Quote:
Originally Posted by candybar
So the more I look, the more I'm pretty sure that Tooth made that whole thing up:
https://nymag.com/news/business/58094/
That covers Goldman, Lehman, Bear and Merrill, 4/5 non-commercial bulge brackets at the time. While this isn't conclusive, seems like most investment banks, just as I suspected, took losses on the real bonds, but offset that with gains from CDS. I couldn't find anything that shows that "Wall Street" lost any significant amount on CDS on structured products specifically.
While this is how it played out, as the crisis was unwinding, there were real fears that the CDS weren't going to get paid out and, for a few days, there were 11:59pm fire sales to prop up capital reserves.

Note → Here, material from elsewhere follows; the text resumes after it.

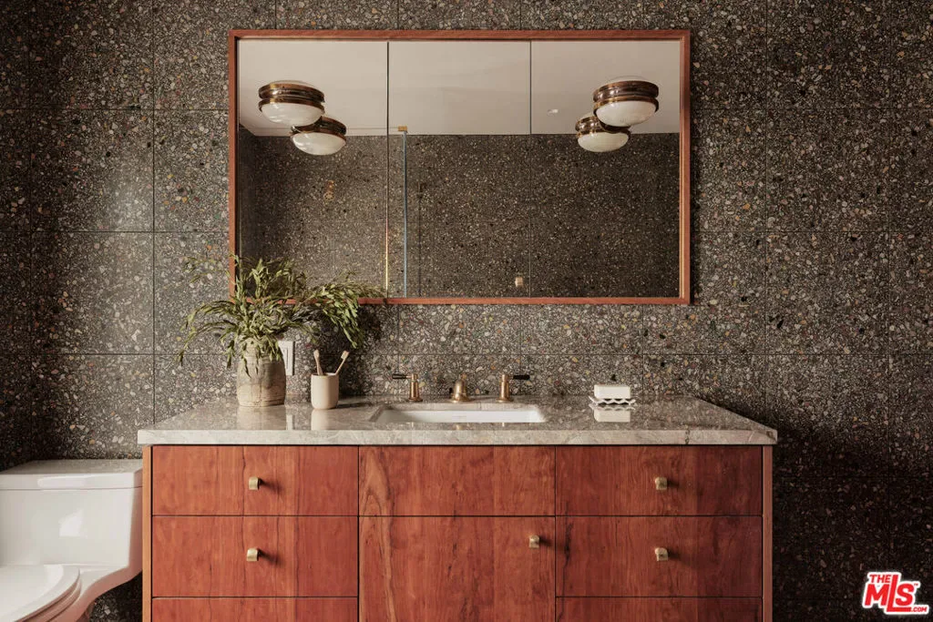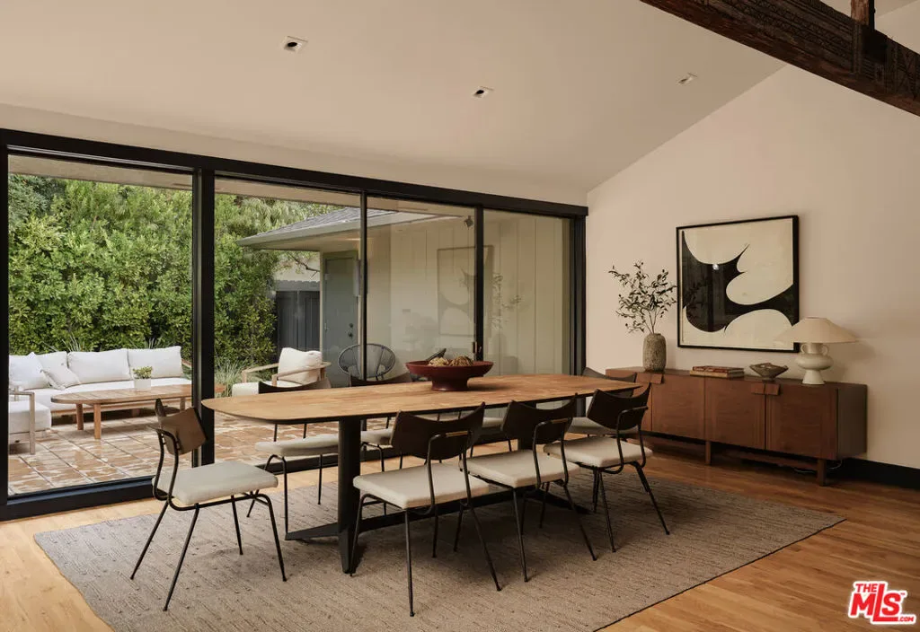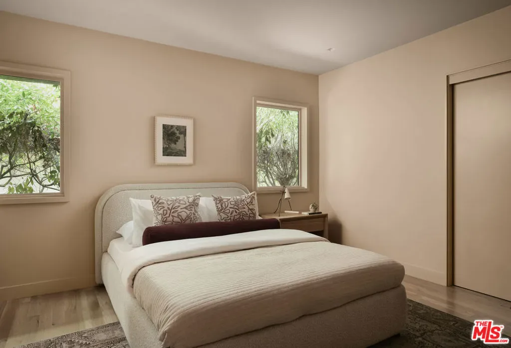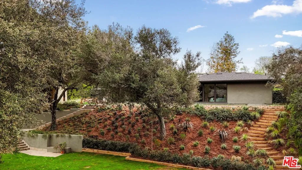 Welcome to this single-story, 4-bedroom, 3.5-bath mid-century residence tucked away on a peaceful cul-de-sac in Pasadena’s prestigious San Rafael neighborhood. Set on a rare 17,325 sq ft parcel abutting San Remo Road, the home offers exceptional privacy, space, and design pedigree in an idyllic setting.Inside, an expansive living and dining area welcomes you with floor-to-ceiling windows and doors that frame views of the lush, landscaped backyard. A striking central fireplace and hearth anchor the space, creating a warm and inviting atmosphere ideal for gathering or relaxing.The remodeled chef’s kitchen features custom cabinetry, quartz countertops, vibrant tile accents, professional-grade stainless-steel appliances, and a stunning center island with seating for eight. Bath and kitchen hardware by Waterworks elevate every detail, while an adjacent pantry with open shelving and abundant storage adds both function and charm. A chic powder room completes the main living area.Down the hall are four spacious bedrooms and three bathrooms all completely renovated with custom Italian terrazzo floors and walls. A serene owner’s suite with private bath, sunken oversized bathtub, direct access to the backyard. Underneath the suite with hidden access is a 500 sq ft bunker encased in cement and steel, complete with walk in vault. The house presents the pinnacle of luxury design and security.Outside, a secret garden unfolds lush, layered, and completely private. A welcoming patio creates seamless indoor-outdoor living, while terraced steps lead to a beautifully landscaped, expansive grassy yard and a vast flat expanse beyond, awaiting your creative vision whether a pool, guest house, or garden retreat.

That in turn depressed prices, heightened fears that another bank would collapse (more counterparty risk previously uncontemplated), and forced even more fire sales and rapid unwinding. The unwinding and death spiral was spreading beyond MBS before TARP and (more importantly) Fed Reserve stepped in and basically eliminated the counterparty risk of CDS. The losses on bonds/MBS positions were something most of the banks were always prepared to absorb (in that Lehman was an outlier). The counterparty risks (complete collapse of AIG and Lehman) were something nobody was really prepared for.
This is a very simplified but I think fairly accurate description.

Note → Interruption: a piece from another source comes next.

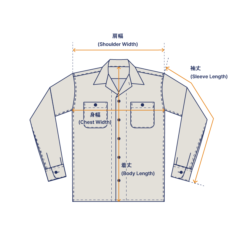 ・COTTON100% (旧式シャトル織機)・尿素ボタン・主要部巻縫い・ワンウォッシュ・カラー:オレンジ×ブルー / イエロー×ブラウン・サイズ:36(S) / 38(M) / 40(L) / 42(XL) / 44(XXL)

PS: people/firms with cash on hand and weren't conflicted out scooped up tons of the MBS products and even the raw mortgages for dimes on the dollar and made out like bandits. Everyone knew the prices were well below fair value.
PS2: It's 100% standard for banks to have CDOs that hedge against the risks of their long positions. It's a big part of what allows them to take on more leverage.
Last edited by grizy; 08-21-2020 at 11:21 PM.